RECORDS SUPPLIED:
=======
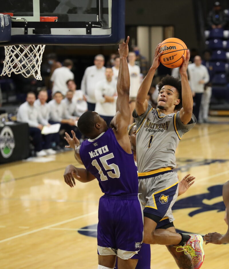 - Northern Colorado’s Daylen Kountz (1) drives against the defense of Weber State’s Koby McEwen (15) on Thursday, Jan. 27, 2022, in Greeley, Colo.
=======
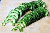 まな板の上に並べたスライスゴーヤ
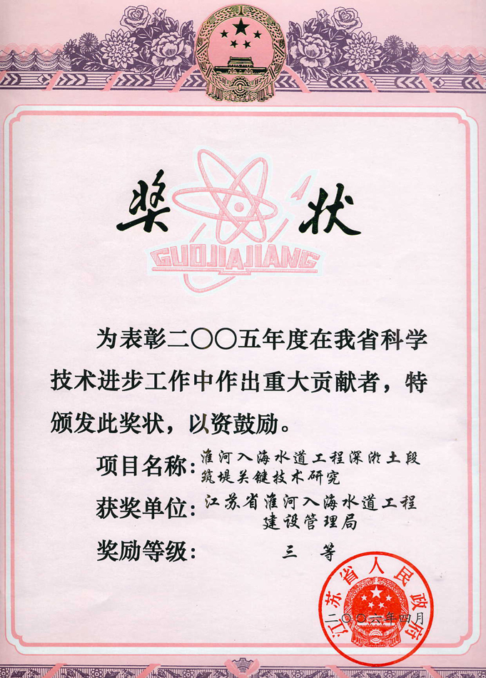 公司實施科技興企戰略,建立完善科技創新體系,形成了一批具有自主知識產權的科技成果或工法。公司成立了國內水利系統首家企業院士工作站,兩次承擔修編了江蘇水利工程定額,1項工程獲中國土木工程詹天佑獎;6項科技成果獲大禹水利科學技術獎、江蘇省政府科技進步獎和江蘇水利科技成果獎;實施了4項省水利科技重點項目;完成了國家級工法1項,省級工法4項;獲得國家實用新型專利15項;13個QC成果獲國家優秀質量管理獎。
=======
Using the data above, retype exactly the lines from the line with "まな板の上に並べたスライスゴーヤ" to the line with "公司實施科技興企戰略,建立完", inclusive. No pictures and nothing else.

EXPECTED OUTPUT:
 まな板の上に並べたスライスゴーヤ
 公司實施科技興企戰略,建立完善科技創新體系,形成了一批具有自主知識產權的科技成果或工法。公司成立了國內水利系統首家企業院士工作站,兩次承擔修編了江蘇水利工程定額,1項工程獲中國土木工程詹天佑獎;6項科技成果獲大禹水利科學技術獎、江蘇省政府科技進步獎和江蘇水利科技成果獎;實施了4項省水利科技重點項目;完成了國家級工法1項,省級工法4項;獲得國家實用新型專利15項;13個QC成果獲國家優秀質量管理獎。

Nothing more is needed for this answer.